Publishing Working Group Audio Task Force

28 Aug 2018


zheng_xu, gpellegrino, dauwhe, George, Avneesh, dkaplan3, romain, duga, Hadrien, marisa, DanielWeck



  1. #38, Alternate formats or bitrate for an audiobook
  2. #307, Duration and Size
  3. #229, contributors
  4. #320, supplemental content

wendyreid: let's get started
... any comments on the minutes?

<zheng_xu> https://www.w3.org/2018/06/21-pwg-audio-minutes.html

wendyreid: minutes approved
... thanks everyone for coming, sorry about the delay between meetings
... the stuff Hadrien posted is a good start
... today I want to review github issues tagged "audio"
... first issue #308

#38, Alternate formats or bitrate for an audiobook

<wendyreid> https://github.com/w3c/wpub/issues/308

Hadrien: first, is this in scope?
... on the web, when we include an audio or video source it's through the audio or video element, which includes fallbacks
... with what we've done so far, that won't work
... second, looking at the existing audio formats, it's common to be able to switch resolutions/bitrates
... so that might be useful

Avneesh: what is the status of media in WP in general?

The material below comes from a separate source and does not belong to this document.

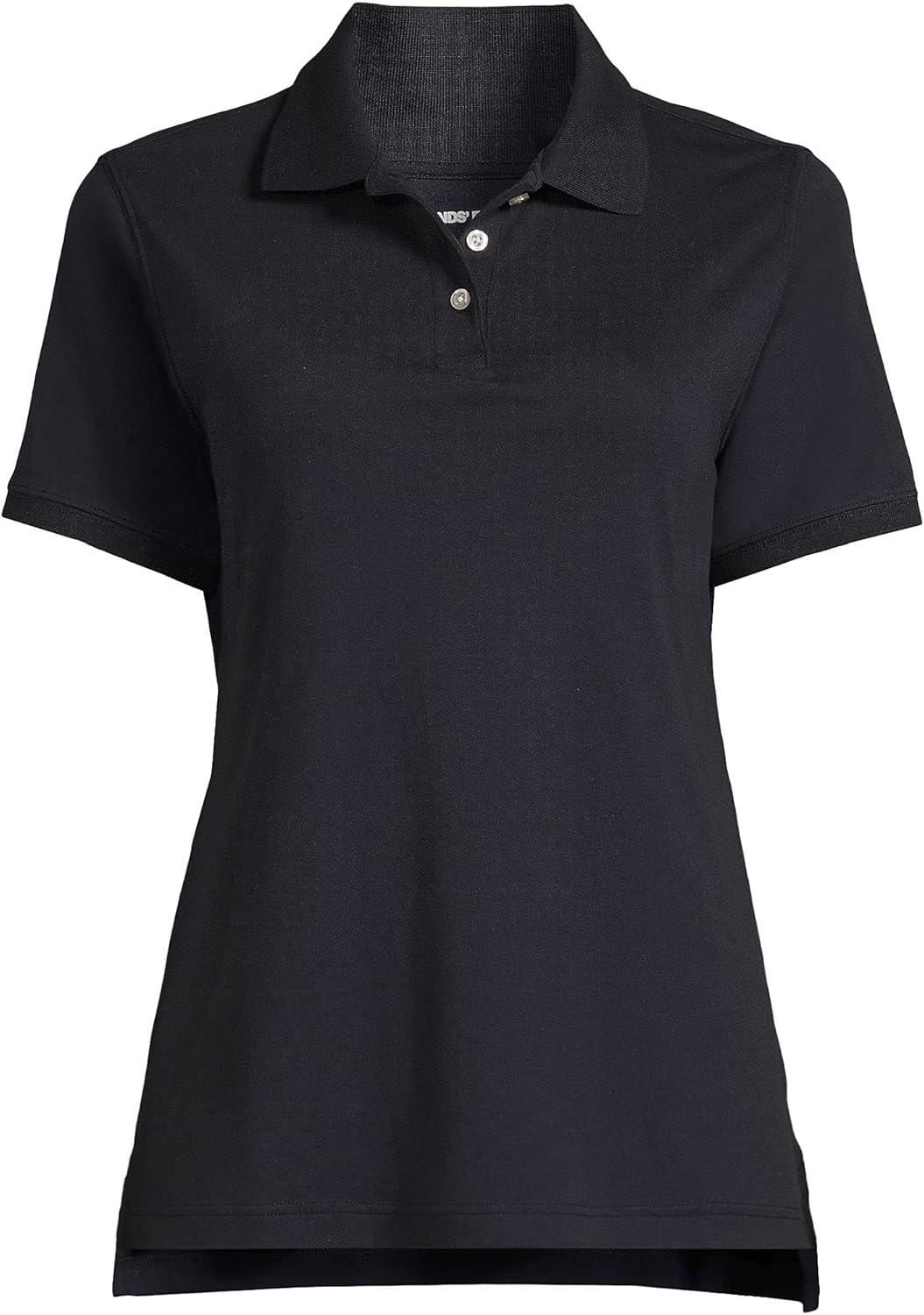 Lands’ End Essentials Women’s Short Sleeve All Day Comfort Polo Shirt – 100% Cotton Won’t Shrink Pill Fade(Black)
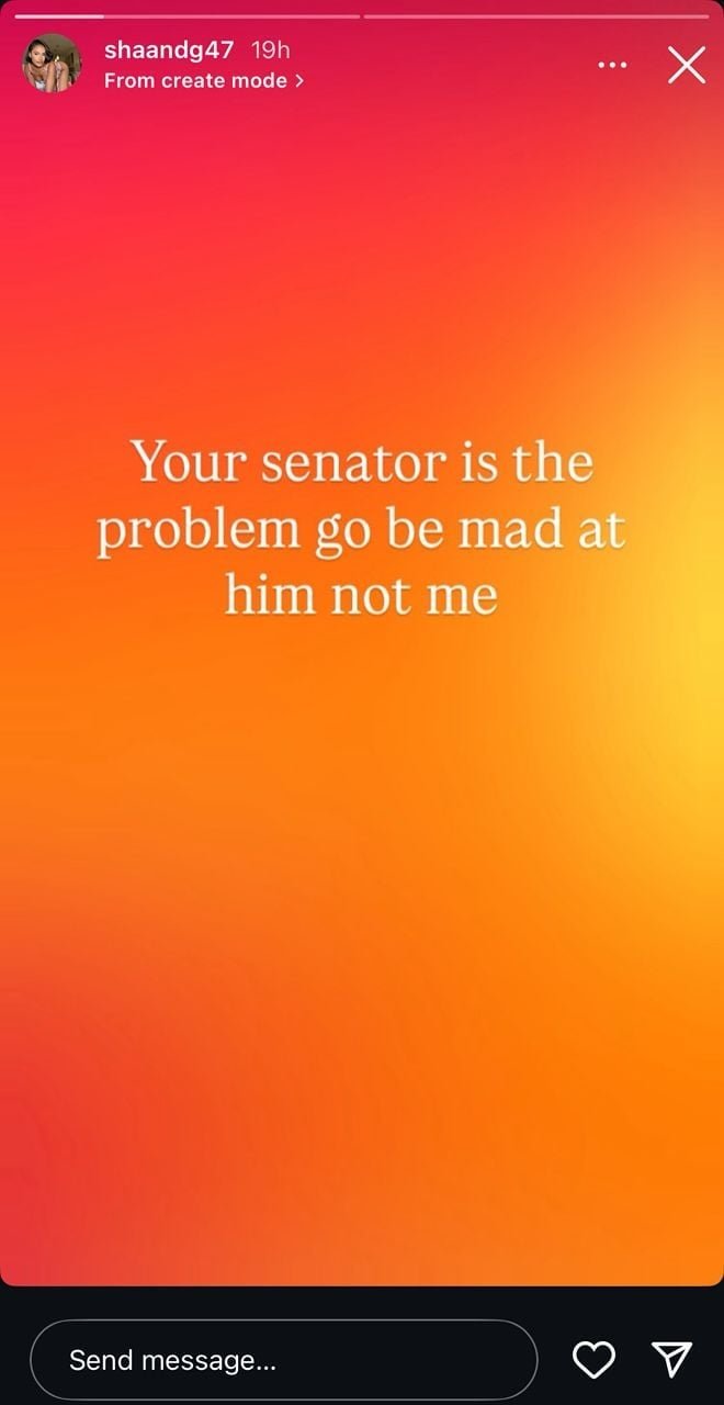 “Your senator is the problem. Go be mad at him not me,” she wrote

Hadrien: I think this is specific to task force
... in the general group we're talking about html resources
... in theory it shouldn't be specific to us, but in practice it is

Avneesh: from my experience with EPUB3, restricting to an audio format may be limiting
... we've had long discussions about core media types in EPUB 3.2
... we could provide recommended formats

Hadrien: this is separate but related, do we have recommended media types
... and a way of identifying different formats as representing the same content

wendyreid: can you open an issue

Avneesh: I can do that

George: looking forward to EPUB 4, the bitrate will be really important
... mp3 @ 32 is the lowest you can go
... but higher bitrates are better for audio books

duga: cycling back to whether this is in scope
... audio formats on the web are a mess
... but if we start speccing how to choose between bitrates we will add to the mess
... I don't think we should spend lots of time on
... there's stuff like dash
... I don't think we can solve the problem in this group

Hadrien: this is a potential answer
... there are formats with multiple bit-rates
... then we couldn't use formats that don't have that native feature

wendyreid: the main Q is, is this in scope for us to talk about media-types?
... I think we could make recommendations about media types
... spotify/audible all have this high quality/low quality download, they make you decide
... user agents/apps will decide that for us

Hadrien: I don't agree; they've solved that in a closed ecosystem
... the fact that they have it proves its a common requirement

wendyreid: we probably shouldn't require that you have multiple bitrates, but we should make it possible

Avneesh: one thing to add
... we should think about compulsory metadata, which includes bitrate

wendyreid: for sure
... that leads into the discussion of the next issue, duration and size

#307, Duration and Size

Hadrien: it's common in UIs for audio books to present this information
... both for whole book and current track

<wendyreid> https://github.com/w3c/wpub/issues/307

Hadrien: we can't express in plain WP
... it's not in the draft
... there is stuff in schema.org
... should this stuff be in a track or at the publication level?

wendyreid: good question
... we have total duration and individual file lengths
... and the math sometimes doesn't work out

gpellegrino: afaik, in audio files you have duration metadata, such as in MP3
... I don't know if we need to duplicate it outside the MP3 files

Hadrien: but you would need to download the tracks to read that info

gpellegrino: if we allow the author to write the metadata, it can introduce errors
... can be misleading to the user

Hadrien: you can treat it as a hint
... inconsistency wouldn't break the experience
... distributor could verify such information

zheng_xu: I was going to say we don't need to download track to get information
... we are thinking about duration of each resource in reading order
... its just for TOC... are there other use cases for duration of each resource?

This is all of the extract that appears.